See here for pictures of random supporters of Presidential candidates. The Berniebro stereotype is eerily real, with the men mostly being bulky and bearded.
I have often wondered how Hillary Clinton won the Massachusetts primary. Massachusetts’s demographics aren’t too different from those of Oklahoma (which had the same type of Democratic primary as Massachusetts, though in Oklahoma independents were not allowed to vote in the GOP primary), and, if anything, non-Asian minorities comprise a greater share of Oklahoma Democratic voters than they do of Massachusetts Democratic voters. The answer was mostly (but not entirely) that the Clinton vote was strongly (but by no means perfectly) correlated with population density, with people living in places with a larger population density tending to vote for Clinton:
The obvious exceptions are towns like Greenfield (72% Sanders), a town with a more elderly, politically independent, white, and poor population than the rest of Massachusetts, Salem (56% Sanders), a somewhat lower-income White-majority town, and Maynard (53% Sanders), a strongly white middle-class area. Other exceptions include super-rich suburbs like Lincoln (60% Clinton), which, not coincidentally, were some of the only places in Massachusetts to vote for Kasich in place of the vulgarian. Indeed, every place in Massachusetts Kasich won other than Amherst (college town; strongly Democratic, median age 22) and Mount Washington (a 100% White negligibly-settled area) went for Billary.
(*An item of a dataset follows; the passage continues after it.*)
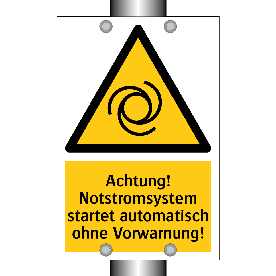 Warnschild mit dem Text Achtung! Notstromsystem startet automatisch ohne Vorwarnung!

The most Clinton-leaning places in Massachusetts were Lawrence (heavily Hispanic), Wellesley (well-educated rich suburb, one of the most anti-Trump places in Massachusetts), and Weston (rich suburb, went for Kasich).
So Massachusetts went for Clinton instead of Sanders because it was too filled with rich suburban elitists and urban people. Oklahoma went for Sanders instead of Clinton because independents were not allowed to vote for the vulgarian and because there were nowhere near enough rich suburban elitists and urban people in Oklahoma to swing the primary election to Clinton.